When you print an array, NumPy displays it in a similar way to nested lists, but with the following layout:

* the last axis is printed from left to right,

* the second-to-last is printed from top to bottom,

* the rest are also printed from top to bottom, with each slice separated from the next by an empty line.
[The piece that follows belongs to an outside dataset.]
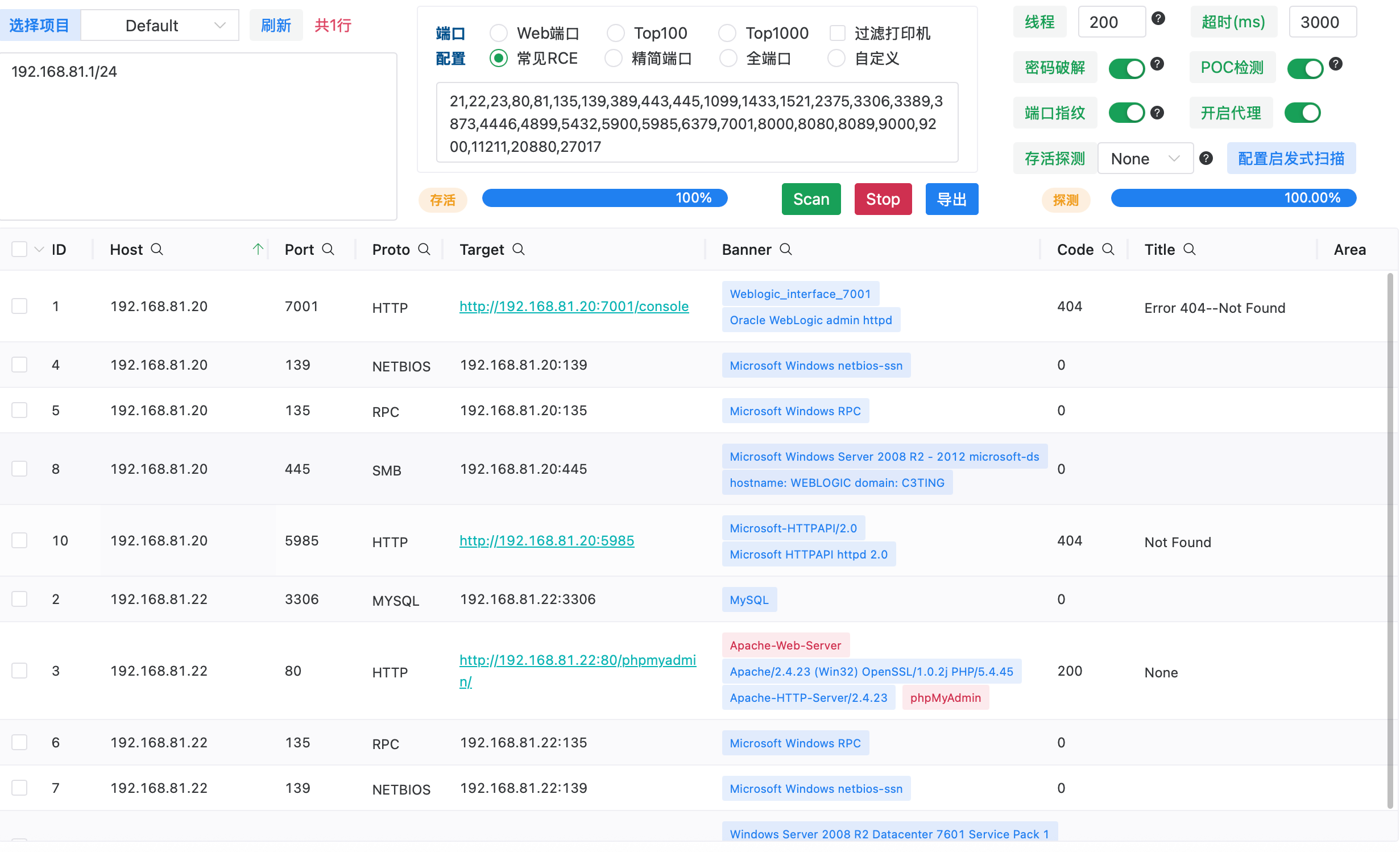 扫一下网段192.168.81.1/24

One-dimensional arrays are then printed as rows, bidimensionals as matrices and tridimensionals as lists of matrices.

In [88]:
# 1d array
lst_1d = np.arange(1, 6)
print(lst_1d)

[1 2 3 4 5]


In [92]:
# 2d array
lst_2d = np.arange(12).reshape(4, 3)
print(lst_2d)

[[ 0  1  2]
 [ 3  4  5]
 [ 6  7  8]
 [ 9 10 11]]


In [94]:
# 3d array
lst_3d = np.arange(24).reshape(2, 3, 4)
print(lst_3d)

[[[ 0  1  2  3]
  [ 4  5  6  7]
  [ 8  9 10 11]]

 [[12 13 14 15]
  [16 17 18 19]
  [20 21 22 23]]]


If an array is too large to be printed, NumPy automatically skips the central part of the array and only prints the corners:

In [97]:
big_lst = np.arange(10000).reshape(100,100)
big_lst

array([[   0,    1,    2, ...,   97,   98,   99],
       [ 100,  101,  102, ...,  197,  198,  199],
       [ 200,  201,  202, ...,  297,  298,  299],
       ...,
       [9700, 9701, 9702, ..., 9797, 9798, 9799],
       [9800, 9801, 9802, ..., 9897, 9898, 9899],
       [9900, 9901, 9902, ..., 9997, 9998, 9999]])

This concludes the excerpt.